What it does
The Design and Building Practitioners Act 2020 establishes a regulatory framework for the preparation of regulated designs, the carrying out of building work, professional engineering work and specialist work, and the provision of compliance declarations. At its core, the Act defines regulated design in s 5(1) as a design prepared for a building element (defined in s 6 to include fire safety systems, waterproofing, load-bearing components, building enclosure elements, and specified mechanical, plumbing and electrical services) or for a performance solution, or any other class prescribed by regulation. Building work is defined in s 4(1) as construction, alterations, additions, repair, renovation or protective treatment of prescribed classes of buildings, together with coordination or supervision of that work.

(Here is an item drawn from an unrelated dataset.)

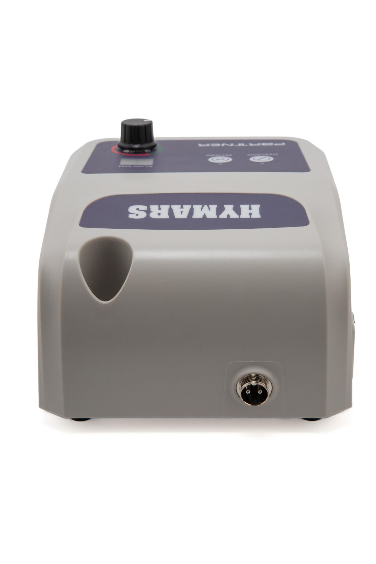 На передней части корпуса расположен разъем для подключения микромотора, сенсорная кнопка "Старт", сенсорная кнопка "Реверс" и регулятор скорости вращения фрезы. Кнопка OFF/ON находится сбоку возле разъема сети. Разъем для подключения ножной педали находится на задней части корпуса.

The Act imposes a series of sequential obligations in Part 2. Registered design practitioners must provide a design compliance declaration (s 8(1)) when supplying a regulated design in a form suitable for use in building work (s 9(1)). Further declarations are required for variations before or after building work commences (s 9(2) and (3)). Copies must be given to any appointed registered principal design practitioner (s 9(4)). Unregistered persons are prohibited from issuing such declarations (s 10). Principal design practitioners must ensure that design compliance declarations have been obtained from appropriately registered persons and must themselves provide a principal compliance declaration (s 12(1)–(2)).
Building practitioners (defined in s 7 as persons who agree to do building work or who act as principal contractor) are subject to parallel obligations. They must obtain regulated designs and design compliance declarations before carrying out work (s 19), ensure variations are documented and new declarations obtained (s 20), and carry out work in accordance with compliant designs (s 21). Before an occupation certificate is sought, they must provide a building compliance declaration (s 8(3) and s 17(1)) together with contractor documents listing all subcontractors and their scopes (s 17(6)). Builders must also take reasonable steps to ensure overall compliance with the Building Code of Australia (s 22(1)) and forward any identified non-compliance steps to the principal certifier (s 22(2)). A defence is available under s 22(3) where the builder reasonably relied on a design compliance declaration.